MY EXPERIENCE DELIVERING BABIES IN THE HOME, From my book, 'Never Get Sick on the 1st of July' Larry J Miller MD

In the sixties, thousands of women who could not, or would not, come to Cook County to have their babies were delivered in their homes by an organization called the Chicago Maternity Center. Personnel included midwives, nurses, doctors, and medical students. They provided help for over 100,000 women in their history and complication rates were lower than in many area hospitals.

There were many reasons why women did not deliver at the hospital, including tradition and ignorance. Others simply could not leave their families unattended to go to the hospital and for others a lack of transportation made it impossible.

Before the advent of the Chicago Maternity Center, the infant mortality rate for this group was unacceptably high as were maternal deaths from hemorrhage and infections. Since these women were unable or unwilling to come to the hospital, Chicago Maternity Center personnel went to their homes and assisted in deliveries.

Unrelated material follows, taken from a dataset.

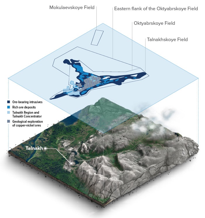 The field is located 10 km north and north-west of the industrial facilities of Oktyabrsky and Taimyrsky mines.

After my rotation on the labor line, I volunteered my services to the Chicago Maternity Center one day a week. We could only volunteer during our rotation on certain services where there was an excess of interns, so that when we were away from the hospital, our floor could be covered. We were assigned in pairs for our own safety and, in case of complications, one could attend to the mother while the other cared for the infant or went for help.

The only requirement for patients was to have received prenatal care from a visiting nurse, and access to a telephone somewhere in the neighborhood. Each patient was to have available clean, warm blankets for the baby, a large pot of boiling water, and a stack of newspapers. The boiling water was to clean our instruments, wash our hands and the patient, and the newspapers were used as sterile drapes. Printers ink is bactericidal and renders the newspapers perfectly sterile.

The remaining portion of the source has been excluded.